As a little girl, I always imagined that it would be wonderful to live on a farm.
I could picture myself in the wide-open spaces, surrounded by nature and animals. In my imagination, I would rise and shine with the dawn, scattering feed to the chickens that bobbed playfully around the house on my way to the well, where I would draw water to fill the trough for the cattle and sheep.
Then I would make my way to the barn, breathing in the sweet aroma of hay spilling out from the loft, and would hitch up my horse to plow the fields, my faithful dog chasing rabbits in the background. Hawks circled lazily overhead in the bright blue sky that rained just as much as my crops needed, no more and no less, and somewhere off in the distance, a friendly coyote howled.
Obviously, I was a city girl.
My grandfather, however, really did live on a farm, out near Philpot in the delightfully named community of Pleasant Ridge.
A couple of times during my childhood, I had the opportunity to spend a few days on the farm, but the reality of those visits did not exactly match my vision.
I did wake up early, and wandered through the fields while my grandmother prepared breakfast in her cheery kitchen. No cereal here! Breakfast was bacon or sausage or maybe both, eggs and biscuits, orange juice for kids, coffee for grown-ups.
Then she shooed me outside so she could clean up the breakfast dishes and get started on fixing lunch – I was just in the way – and I waved forlornly as Grandpa made his way to the barn, soon to disappear over the hill on his tractor, I guess to check on the corn in one field or the tobacco in another or the cows in the pastures behind the lake.
I walked rather desolately through the fields, and if there was a heavy dew, it soaked through my canvas sneakers.

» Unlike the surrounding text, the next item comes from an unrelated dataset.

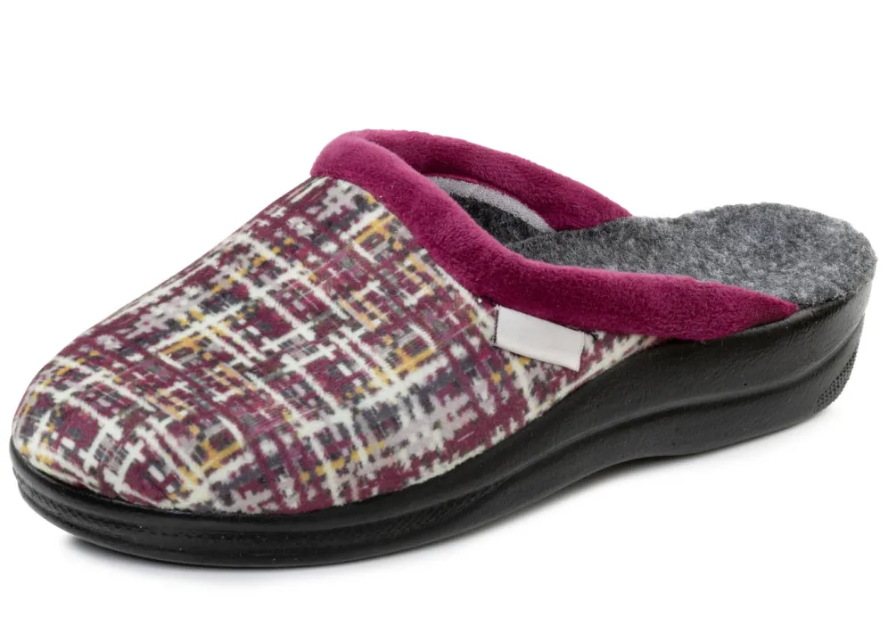 Hausschuhe aus weichem, kariertem Samt, mit angenehmer Polsterung: Weite G, Futter und Fußbett aus Filz, superleichte PU-Laufsohle sowie 20 mm Keilabsatz
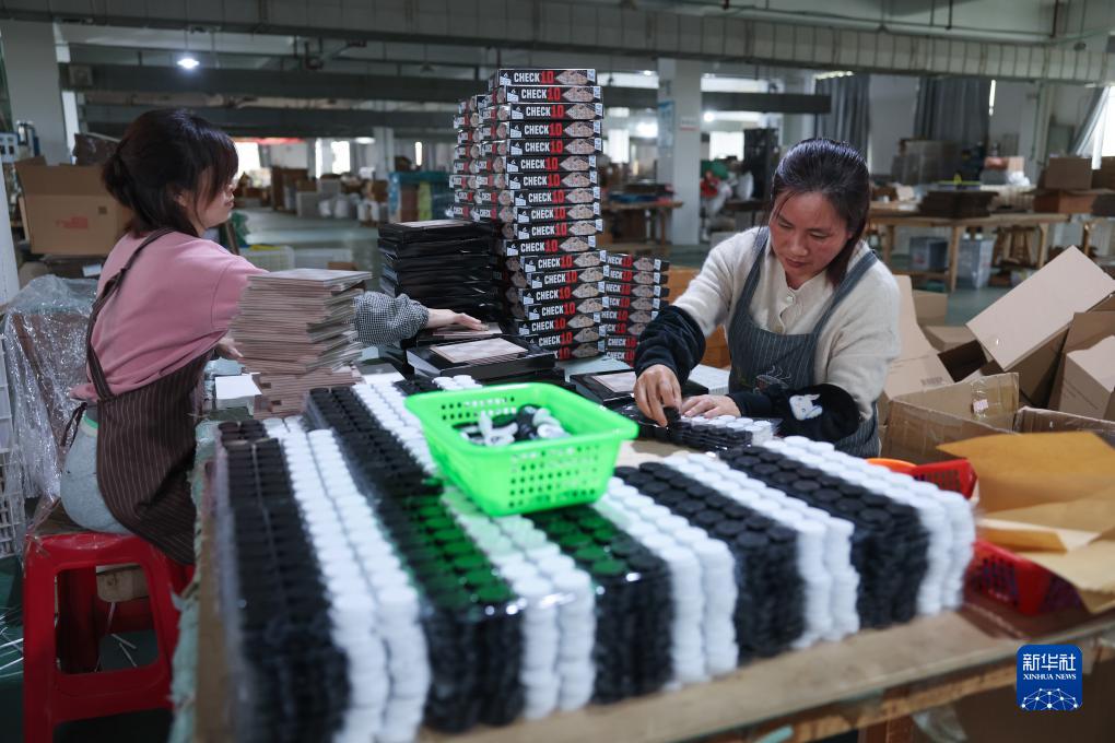 11月10日,在浙江金馬工藝品有限公司的車間內,工作人員在生産老年益智木玩産品。

The farm dogs – Doxell and Shadow – had abandoned me to follow their one true master.
Occasionally, a pickup truck would rattle its way up the long, winding driveway, kicking up clouds of dust in its wake. It being summer, sometimes these visitors would have their own children in tow, but they were strangers to me and I to them, so we simply stared silently at one another while the adults talked, and then they went on their way.
Could those children have ever guessed that I was jealous of them?
The highlight of these week-long visits to the farm was the opportunity to go swimming in the cow pond. Mud (and who knows what else, but I can guess) squished between our toes as we waded tentatively out into the sun-warmed water, nervously moving away from any cows that approached the banks. We took along a cake of Ivory soap (it floats) and washed the stains from our feet as we limped out from the lake, first one foot, then the other.
Wednesday nights meant prayer meeting at the country church down the road, where Grandpa sometimes led the singing from the pulpit, his fine baritone voice ringing with authority as he extolled the virtues of bringing in the sheaves.
Only once a week was the television turned on. No “Mod Squad” or “Bewitched” here; instead, I sat silently as my grandparents chuckled at “Hee Haw.”
It was only years later that I realized my fanciful imagining of life on a farm had nothing to do with reality, but I was right about one thing: Kids who are blessed with knowing what farm life is – what it really is – are the luckiest kids in the world.